Published online by Cambridge University Press: 31 October 2009
Developing the theory of renormalization in order to extend renormalization from primitive divergences to all diagrams and demonstrate preservation of global and local symmetries.
Introduction
Chapter 4 opened the topic of renormalization, indicating the need for counterterms to balance divergent contributions to the scalar self-energy. There we also noted that interactions of mass dimension greater than four would generate an infinite tower of counterterms. Chapter 10 provided a foundation for renormalization in the theory of Green functions, and gave examples of the use of renormalization conditions in the computation of first-order corrections. Chapter 19 discussed the renormalization of the primitive divergences of QED in detail, introducing the use of a photon mass as an infrared regulator. In this chapter, we extend the theoretical foundation of renormalization and in particular justify the approach taken in Chapter 19.

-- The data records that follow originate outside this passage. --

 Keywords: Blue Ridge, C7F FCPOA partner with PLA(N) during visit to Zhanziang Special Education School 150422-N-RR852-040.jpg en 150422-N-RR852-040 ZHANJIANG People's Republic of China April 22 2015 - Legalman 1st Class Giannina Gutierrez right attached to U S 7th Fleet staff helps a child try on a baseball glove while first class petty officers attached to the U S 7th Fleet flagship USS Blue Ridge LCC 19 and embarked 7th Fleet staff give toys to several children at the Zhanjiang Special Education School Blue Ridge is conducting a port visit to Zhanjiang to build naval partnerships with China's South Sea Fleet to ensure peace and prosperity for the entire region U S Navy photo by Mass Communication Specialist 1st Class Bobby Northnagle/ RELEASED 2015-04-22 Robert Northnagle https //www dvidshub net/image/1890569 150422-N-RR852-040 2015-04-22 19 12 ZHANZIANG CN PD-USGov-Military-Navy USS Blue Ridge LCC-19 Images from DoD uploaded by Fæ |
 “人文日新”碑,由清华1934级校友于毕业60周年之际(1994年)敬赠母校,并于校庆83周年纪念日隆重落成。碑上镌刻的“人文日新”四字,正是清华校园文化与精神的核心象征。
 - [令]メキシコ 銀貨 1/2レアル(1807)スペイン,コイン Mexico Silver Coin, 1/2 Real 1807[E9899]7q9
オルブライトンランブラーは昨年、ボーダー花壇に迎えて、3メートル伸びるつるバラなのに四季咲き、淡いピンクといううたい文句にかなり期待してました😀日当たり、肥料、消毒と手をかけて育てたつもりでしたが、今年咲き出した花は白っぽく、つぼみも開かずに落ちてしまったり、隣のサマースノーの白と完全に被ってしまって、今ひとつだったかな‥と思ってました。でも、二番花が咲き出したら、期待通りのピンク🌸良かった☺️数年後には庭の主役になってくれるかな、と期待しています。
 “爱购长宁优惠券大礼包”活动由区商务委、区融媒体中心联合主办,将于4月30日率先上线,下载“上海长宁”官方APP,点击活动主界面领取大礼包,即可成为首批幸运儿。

Sections 20.1 and 20.2 present the renormalization procedure of Bogoliubov, Parasiuk, Hepp, and Zimmermann (BPHZ). This procedure is effectively the counterterm renormalization technique expressed in terms of Taylor series. It extends the renormalization techniques of the last chapter to all diagrams. Section 20.3 concludes the first unit of the chapter with some renormalization theorems which show that BPHZ renormalization preserves global symmetries.
At this point in the chapter, we still have no guarantee that renormalization will preserve a local symmetry.